Climate change has become a difficult issue to stand on and effect change Once you get past the fear of weeping polar bears floating by on little chunks of ice. The consequence of hypocritical messengers twisting the facts just a little too much. People who don't care are hard enough to transform. Most Americans in fact, really don't care because the Ponzi scheme of sprawl pushes the cost on to their kids, which they have been happy to do for decades.

I reccomend the use of force.

poor incentives, lack of public concern

One of the problems with getting home builders to care about the environment is that it is too easy for them to pass off costs onto the consumer.  The homeowners end up paying for the additional gas to get around, the higher energy bills due to poor construction quality, and the fertilizer runoff into their water supply from their grassy lawns.  According to Douglas Farr, “National studies show that low-density development increases the cost of hard infrastructure, and with it the tax burden, in developed areas by an average of 11 percent.” (Farr, Douglas. Sustainable Urbanism: Urban Design with Nature. Hoboken, New Jersey: Wiley & Sons Inc, 2008. p. 25.)

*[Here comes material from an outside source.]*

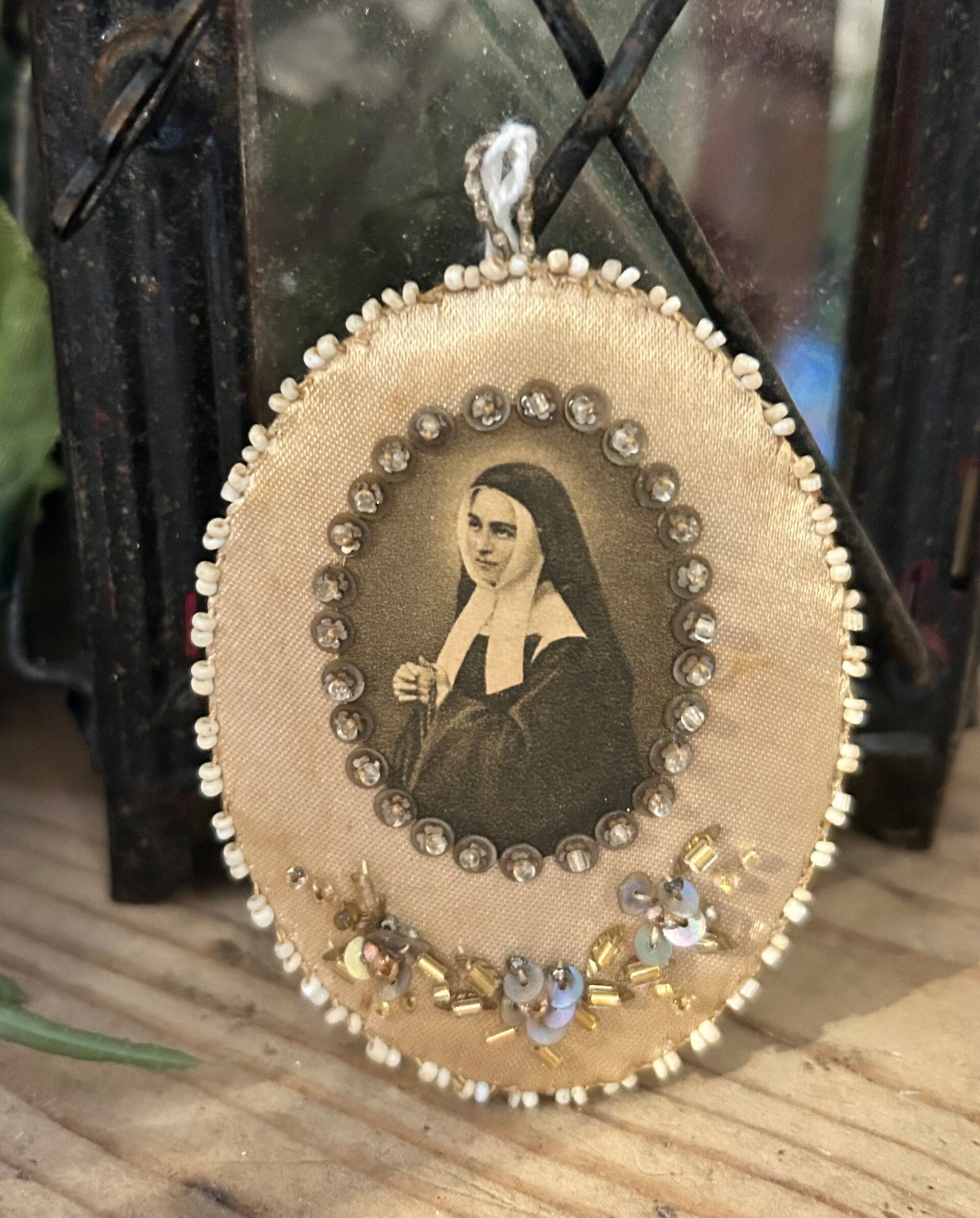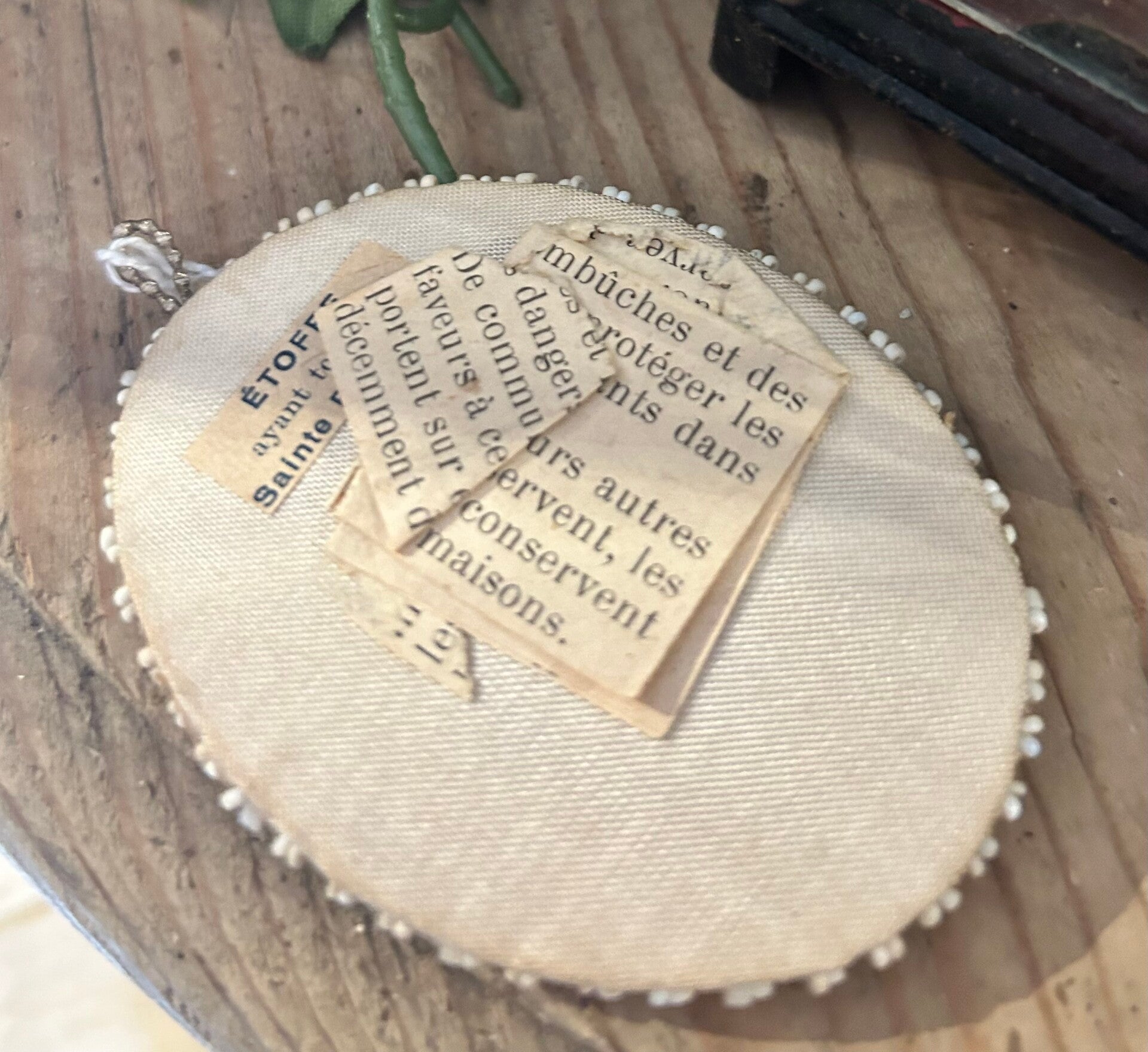 Heel verfijnd medaillon, prachtig afgewerkt met fijne kraaltjes. Het heiligenbeeldje is subtiel en sfeervol, perfect voor in een religieus hoekje, aan een stolp of om neer te leggen in een brocante decoratie.

In addition, there is a lack of land use policies to provide incentives for builders to adopt environmentally friendly practices, while subsidies and incentives to build on low-density greenfields are still abundant.    Lastly, the lack of public outcry from both communities and consumers allows homebuilders to ignore environmental issues.  Organized opposition to new developments would impose a cost on homebuilders, which would deter certain types of development.  Unfortunately, public awareness of sustainable building practices is still low and public outcry is minimal.